::: Source records
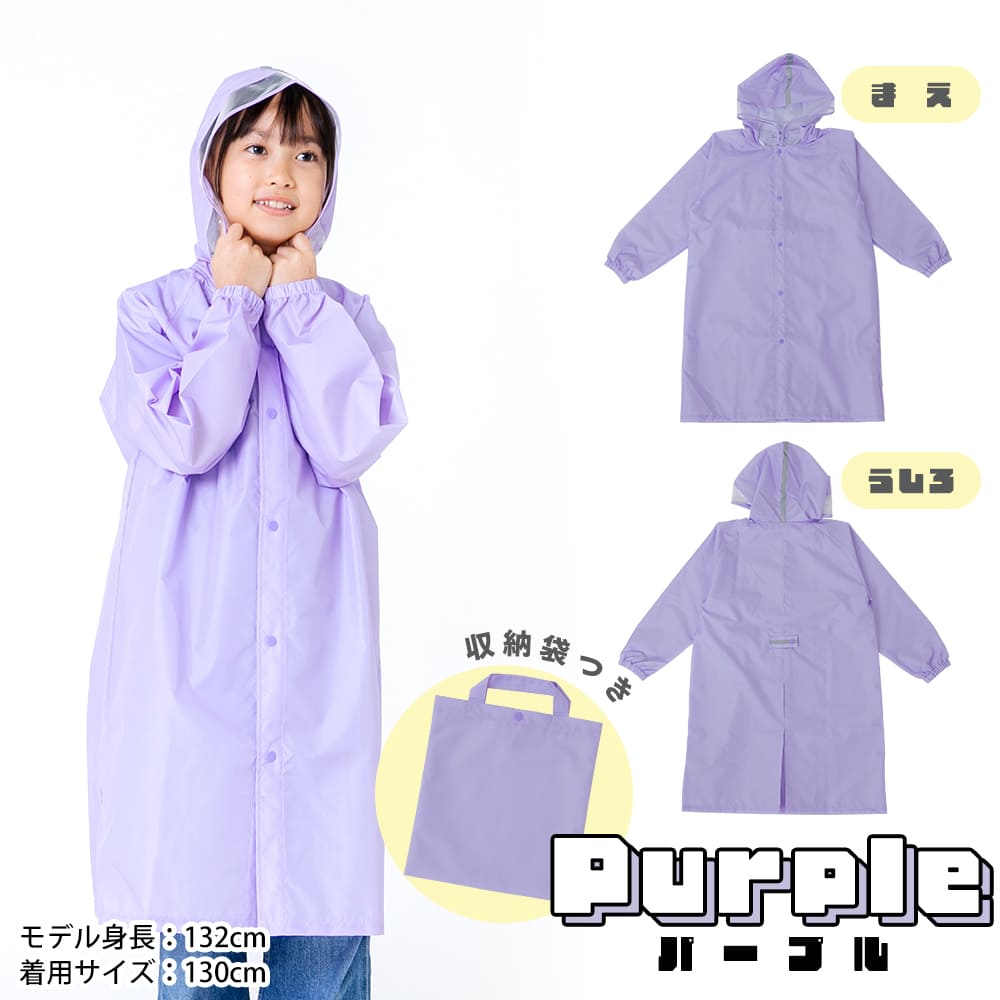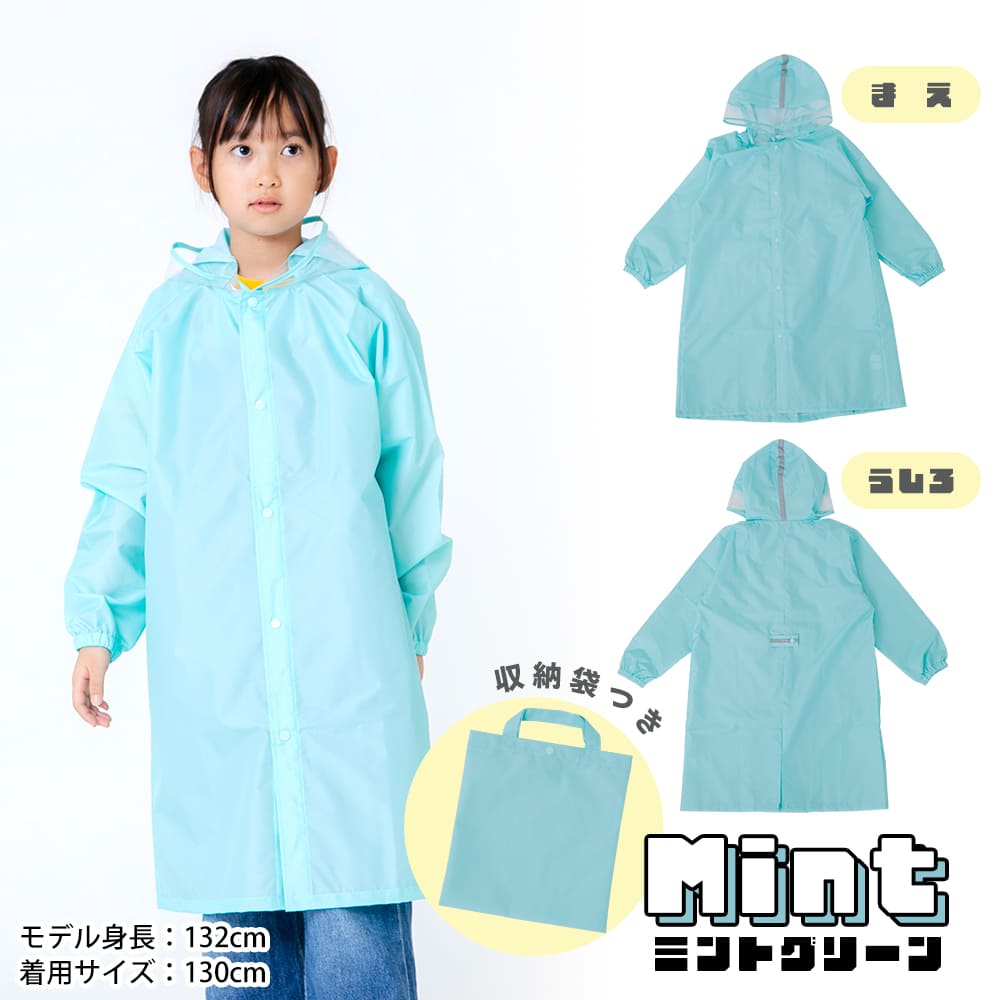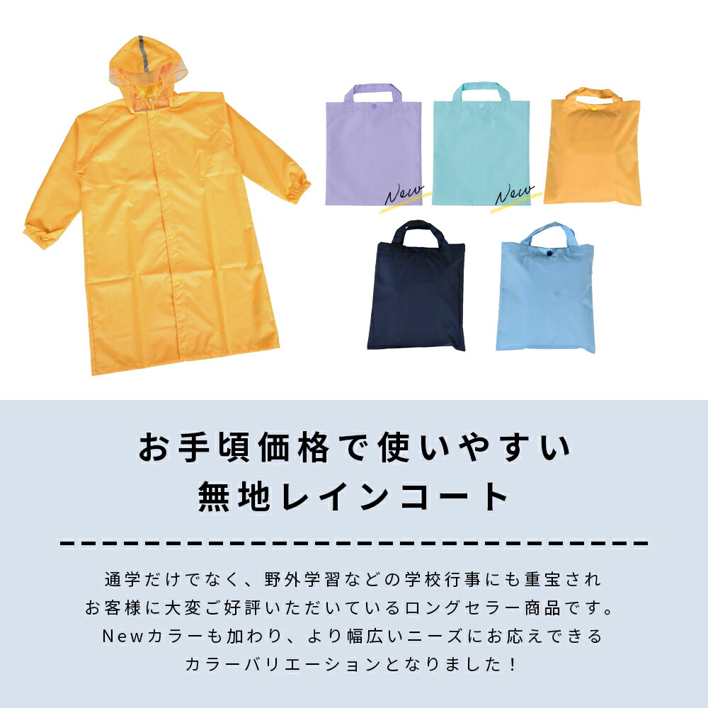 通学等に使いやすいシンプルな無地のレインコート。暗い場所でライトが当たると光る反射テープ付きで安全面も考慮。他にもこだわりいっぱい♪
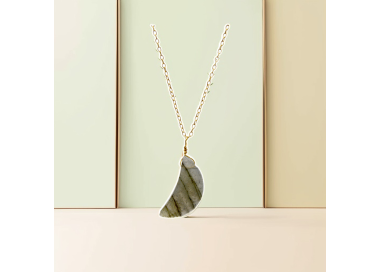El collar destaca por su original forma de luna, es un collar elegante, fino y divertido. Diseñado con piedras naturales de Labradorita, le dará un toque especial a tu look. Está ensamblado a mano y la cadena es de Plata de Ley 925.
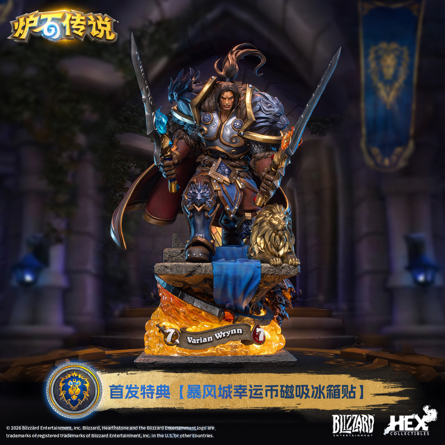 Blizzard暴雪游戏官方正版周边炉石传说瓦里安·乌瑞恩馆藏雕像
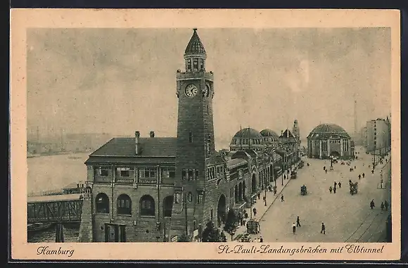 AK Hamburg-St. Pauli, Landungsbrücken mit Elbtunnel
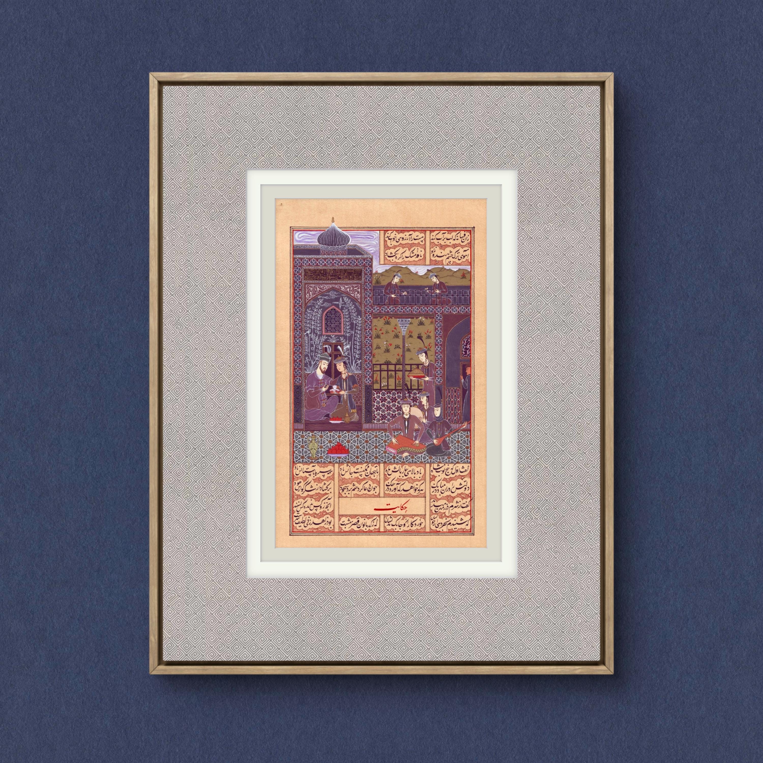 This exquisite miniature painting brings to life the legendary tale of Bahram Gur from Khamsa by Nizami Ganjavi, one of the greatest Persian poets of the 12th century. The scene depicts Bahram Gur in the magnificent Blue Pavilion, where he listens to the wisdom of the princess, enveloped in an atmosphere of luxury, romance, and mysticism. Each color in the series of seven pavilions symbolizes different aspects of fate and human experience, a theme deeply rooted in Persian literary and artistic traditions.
::::::
::: Source records
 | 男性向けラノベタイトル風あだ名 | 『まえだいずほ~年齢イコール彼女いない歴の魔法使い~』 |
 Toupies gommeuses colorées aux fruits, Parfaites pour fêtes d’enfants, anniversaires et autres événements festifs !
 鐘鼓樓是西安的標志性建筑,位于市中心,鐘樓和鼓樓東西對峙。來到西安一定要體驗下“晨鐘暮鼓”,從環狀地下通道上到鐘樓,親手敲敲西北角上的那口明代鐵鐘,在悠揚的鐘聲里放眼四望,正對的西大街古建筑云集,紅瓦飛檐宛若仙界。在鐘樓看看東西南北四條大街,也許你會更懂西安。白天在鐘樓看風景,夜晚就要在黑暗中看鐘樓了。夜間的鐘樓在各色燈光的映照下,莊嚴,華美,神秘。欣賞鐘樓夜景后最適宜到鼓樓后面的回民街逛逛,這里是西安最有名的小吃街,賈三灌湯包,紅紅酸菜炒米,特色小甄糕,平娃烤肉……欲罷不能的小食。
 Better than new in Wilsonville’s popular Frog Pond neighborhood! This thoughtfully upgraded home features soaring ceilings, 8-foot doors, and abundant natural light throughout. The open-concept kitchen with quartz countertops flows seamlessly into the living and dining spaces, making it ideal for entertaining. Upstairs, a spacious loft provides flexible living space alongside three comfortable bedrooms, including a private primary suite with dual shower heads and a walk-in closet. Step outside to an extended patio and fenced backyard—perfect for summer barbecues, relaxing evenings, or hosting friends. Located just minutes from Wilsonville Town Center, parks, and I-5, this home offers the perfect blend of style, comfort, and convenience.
::::::
Instructions for the task
Using the data above, transcribe exactly the lines between those containing "通学等に使いやすいシンプルな" and "This exquisite miniature", inclusive, and leave every picture behind.

Answer for the task
 通学等に使いやすいシンプルな無地のレインコート。暗い場所でライトが当たると光る反射テープ付きで安全面も考慮。他にもこだわりいっぱい♪
El collar destaca por su original forma de luna, es un collar elegante, fino y divertido. Diseñado con piedras naturales de Labradorita, le dará un toque especial a tu look. Está ensamblado a mano y la cadena es de Plata de Ley 925.
 Blizzard暴雪游戏官方正版周边炉石传说瓦里安·乌瑞恩馆藏雕像
 AK Hamburg-St. Pauli, Landungsbrücken mit Elbtunnel
 This exquisite miniature painting brings to life the legendary tale of Bahram Gur from Khamsa by Nizami Ganjavi, one of the greatest Persian poets of the 12th century. The scene depicts Bahram Gur in the magnificent Blue Pavilion, where he listens to the wisdom of the princess, enveloped in an atmosphere of luxury, romance, and mysticism. Each color in the series of seven pavilions symbolizes different aspects of fate and human experience, a theme deeply rooted in Persian literary and artistic traditions.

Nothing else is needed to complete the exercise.